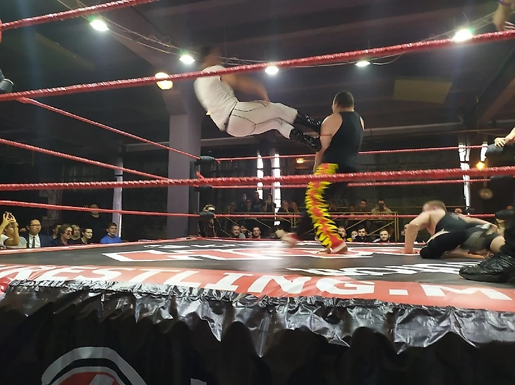 Grannary: На шоу не было жутко трудных приемов. Были очень жесткие приемы, но очень трудных не было. Тех же Spanish Fly, 450 Сплеш не было, хотя у нас есть исполнители, которые могут их делать. Я, может быть, зажрался, но был выход пару раз на Canadian Destroier, но в итоге он не был проведен. Хотя один подобный прием, и все бы были лежали в а..е еще минут 40. Рестлеры то ли сильно переживают, то ли не могут до конца довериться друг другу, чтобы провести серьезный прием.
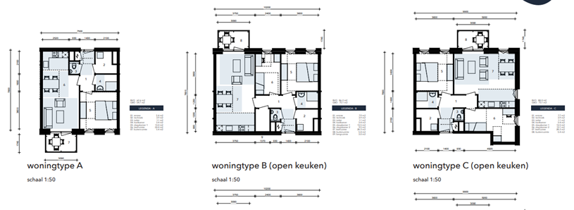 • Type C: Deze woningen van circa 75 m2 hebben twee slaapkamers en een balkon. Bij dit type woning kan er een open of een gesloten keuken zijn.
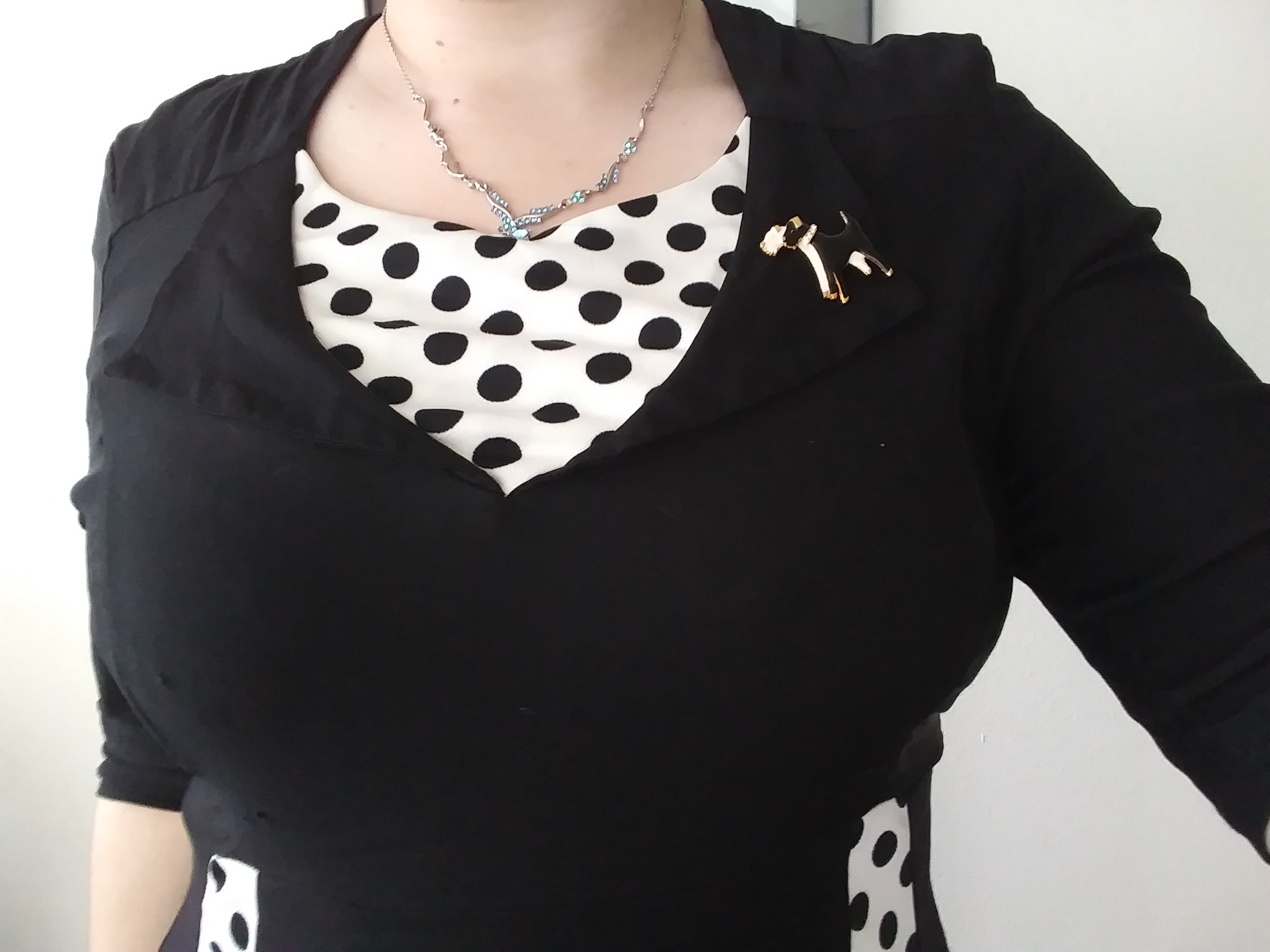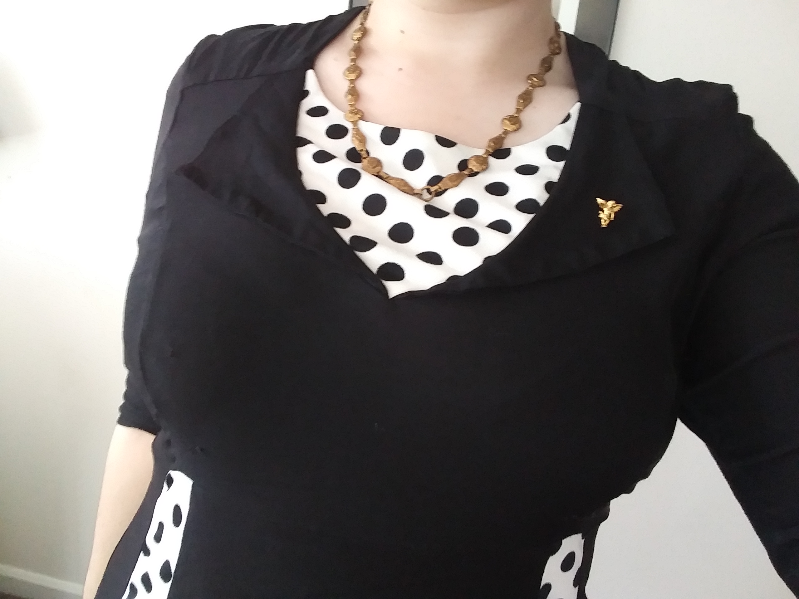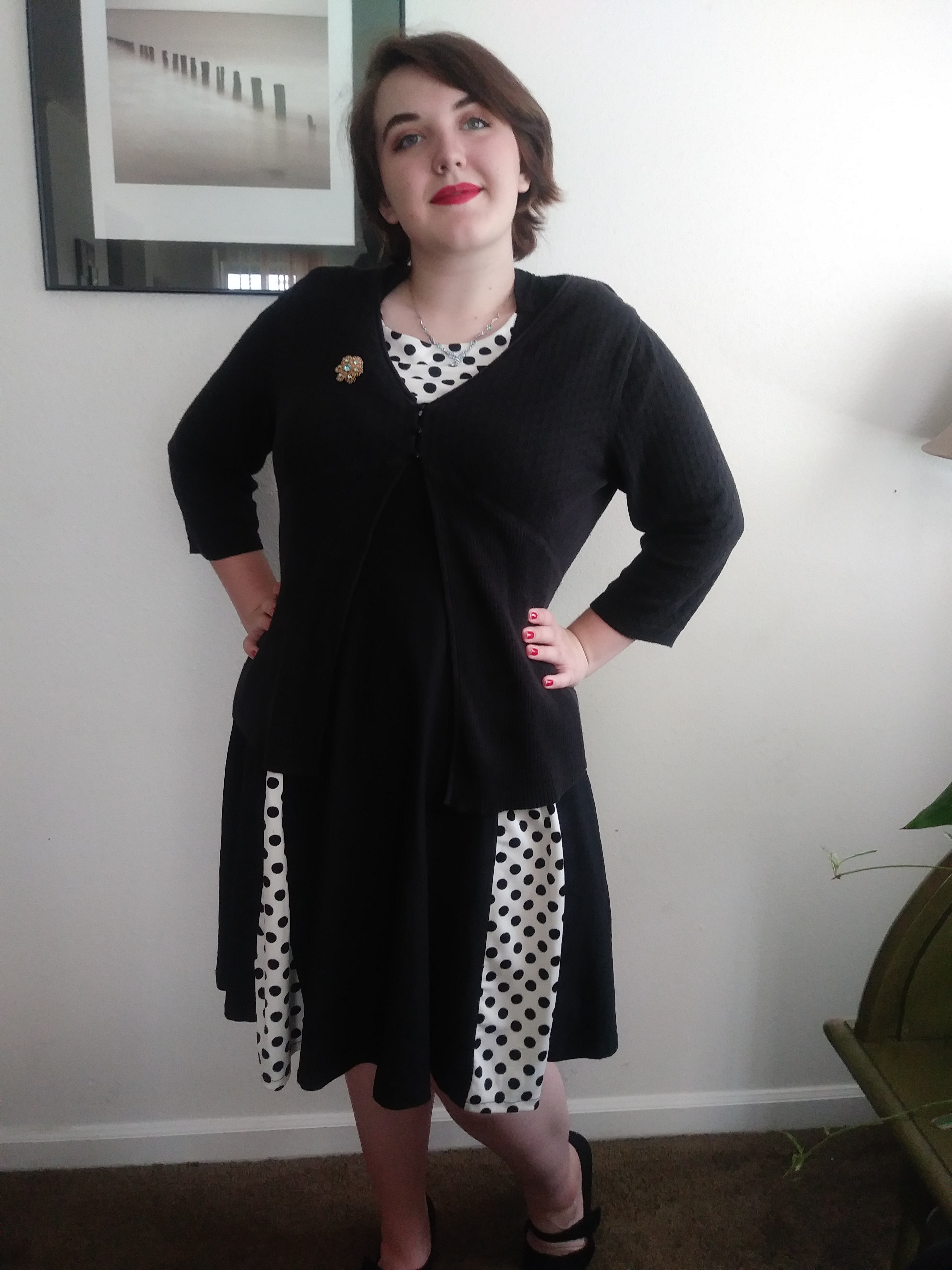 I tried so, so long to pretend to love this dress, I really did. Don’t get me wrong, I don’t hate it it’s just not vintage in anyway beside’s the silhouette. When I had originally purchased it the picture didn’t show any polka dots and was just a plain black, nothing else and that’s just not what I got. It has a very costume vibe to it, so much so I’ve even considered trying to dye the white to black.

Exercise objective
Drop the pictures and reproduce the rest of the data exactly.

Task answer
 Grannary: На шоу не было жутко трудных приемов. Были очень жесткие приемы, но очень трудных не было. Тех же Spanish Fly, 450 Сплеш не было, хотя у нас есть исполнители, которые могут их делать. Я, может быть, зажрался, но был выход пару раз на Canadian Destroier, но в итоге он не был проведен. Хотя один подобный прием, и все бы были лежали в а..е еще минут 40. Рестлеры то ли сильно переживают, то ли не могут до конца довериться друг другу, чтобы провести серьезный прием.
 • Type C: Deze woningen van circa 75 m2 hebben twee slaapkamers en een balkon. Bij dit type woning kan er een open of een gesloten keuken zijn.
 I tried so, so long to pretend to love this dress, I really did. Don’t get me wrong, I don’t hate it it’s just not vintage in anyway beside’s the silhouette. When I had originally purchased it the picture didn’t show any polka dots and was just a plain black, nothing else and that’s just not what I got. It has a very costume vibe to it, so much so I’ve even considered trying to dye the white to black.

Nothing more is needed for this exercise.